Il museo Poldi Pezzoli nacque come collezione privata iniziata dalla madre di Gian Giacomo Poldi Pezzoli. Una volta diventato maggiorenne Gian Giacomo ereditò il palazzo e il patrimonio di famiglia ampliando così anche della raccolta. Per prima cosa si occupò all’acquisto di armi e armature, che in quel periodo erano molto richieste come oggetti da collezione. Intorno al 1846 Gian Giacomo iniziò i lavori per creare un appartamento diviso da quello della madre. Le diverse stanze erano basate sugli stili Barocco e Rinascimentale.
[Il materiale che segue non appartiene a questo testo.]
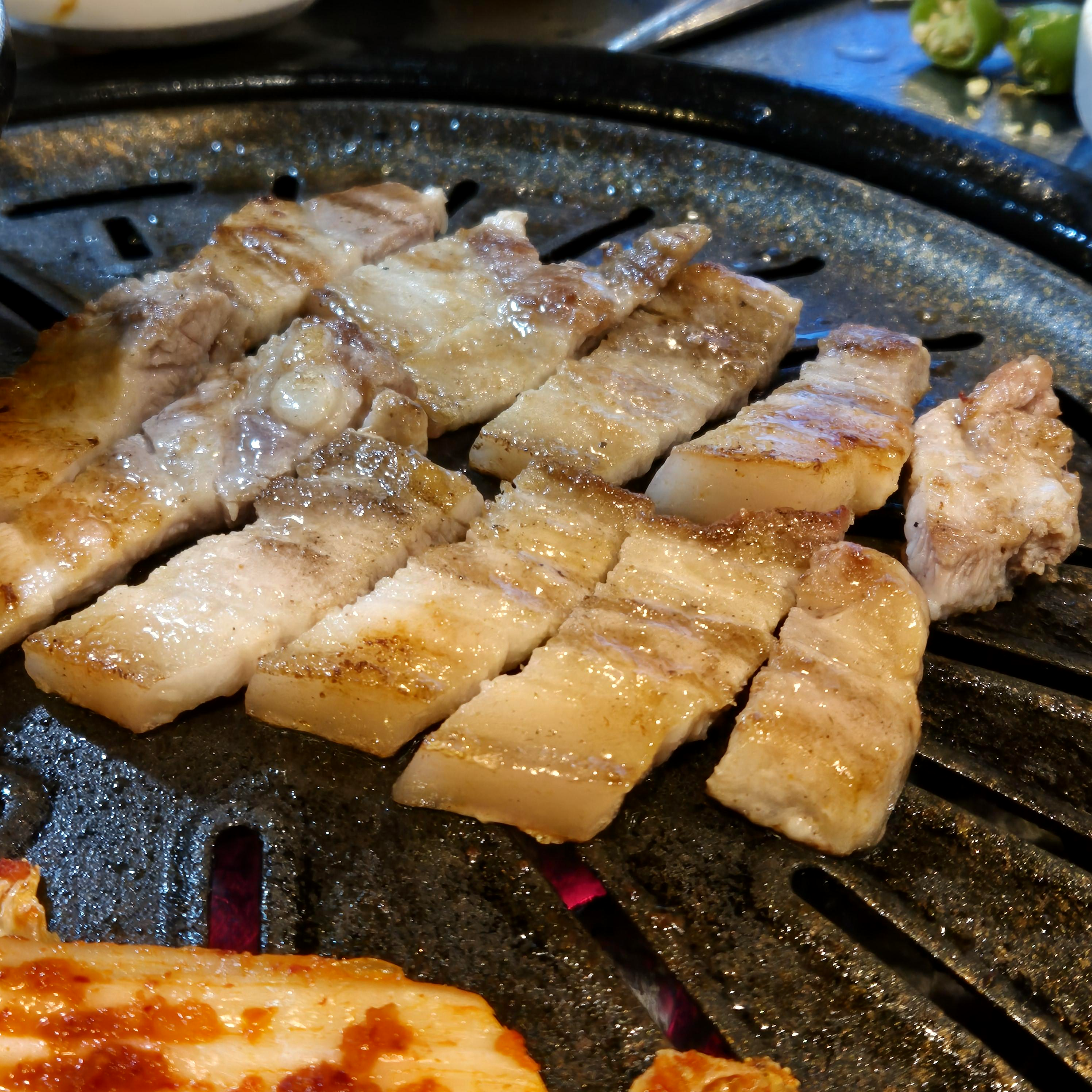고기를 잘 찍지는 못했지만, 진짜 맛있었다. 실제 식감을 생각해 보자면, 항정살과 삼겹살 사이정도? 은근한 쫀득함도 좋았다. 얇은 편이라 집중해서 구워야 더 맛있게 먹을 수 있다. 근데, 타도 맛있었다.^^

La casa, quindi, diventa più una galleria d’arte che una casa di proprietà privata. La prima sala che fu creata per l’armeria si trovava al primo piano. Le opere di allestimento di molte sale furono affidate a Giuseppe Bertini, docente e pittore dell’Accademia di Brera, a Giuseppe Speluzzi, ebanista e bronzista, e al pittore Luigi Scrosati. Intorno agli anni settanta la collezione divenne sempre più rigorosa e sempre più un punto di riferimento sia in Italia che all’estero. Alla morte di Gian Giacomo Poldi Pezzoli, 1879, il palazzo e le opere d’arte vennero consegnate, secondo testamento, all’Accademia di Brera così che la casa divenne una vera e propria Fondazione Artistica. Il museo venne ufficialmente aperto il 25 Aprile 1881.